Письма издалека
Сижу, скрючившись, в комнатушке для прислуги – никакого стола здесь, конечно, нет, держу тетрадь на коленях, поставив чадящую лампу перед собой на табурет. Молюсь, чтобы никто не заметил, что в такой поздний час я жгу масло – как будто я вновь в общей ученической спальне в Ордене, и вот‑вот явятся старшие, чтобы дать леща всем, кто не спит после наказа тушить свет.
Я выкроил это время, чтобы рассказать тебе о семье, в которой мне предстоит потрудиться: в первый день на месте я хочу ухватить свежее впечатление от всех домочадцев – разделяя его с тобой. Как это стало привычно – постоянно удерживать тебя в мыслях, все на свете поверять тобой, все неясности проговаривать, словно держа перед тобой ответ.
Да, я сел, чтобы поведать тебе все это – и мой рассказ еще впереди, – но перо уперлось в бумагу, и я тяжело задумался.
Почему то, что происходит со мной здесь, так мало меня волнует?
Если вдуматься: что за безумная затея выдавать себя за прислугу, переодевание в женщину, подчинение старой Пири, задача, которую я ставлю перед собой – все это должно приводить меня в ужас и вызывать протест. И что же? – все эти дни я прожил как в тумане. Шел куда вели. Делал что говорили. Откликался на то, что видел и слышал – но словно сквозь плотное одеяло. Почему?
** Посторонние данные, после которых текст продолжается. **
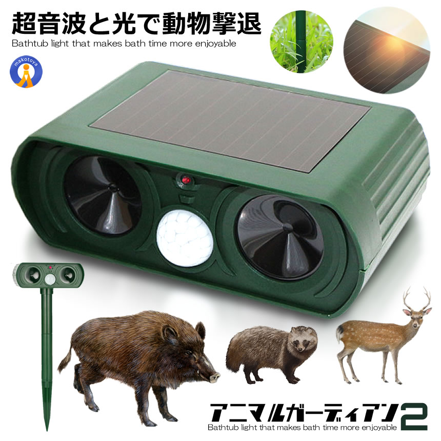 動物撃退器 LEDライト 超音波 猫よけ カラス ネズミ 対策 害獣駆除 動物駆除 防水 広範囲感知 ソーラー式 電源不要 省エネ アニマルガーディアン2 ANIGAR02

Потому что все это – второй план моей жизни. Как фон на картине. Как в театре – задник сцены. Как в романе – описание природы.
А первый план – это ты.
Марит.
Я тоскую и умираю в разлуке с тобой. Душа не принимает расставания. Тысячу раз на дню я уговариваю себя, что эта поездка – часть моей истории миротворца, жест твоего доверия, шаг вперед в ремесле. И тысячу раз эти уверения разбиваются о стену отчаяния – ты отослала меня прочь. Тысяча игл колет меня, стоит мне вспомнить, что ты не пришла меня проводить и никак меня не напутствовала.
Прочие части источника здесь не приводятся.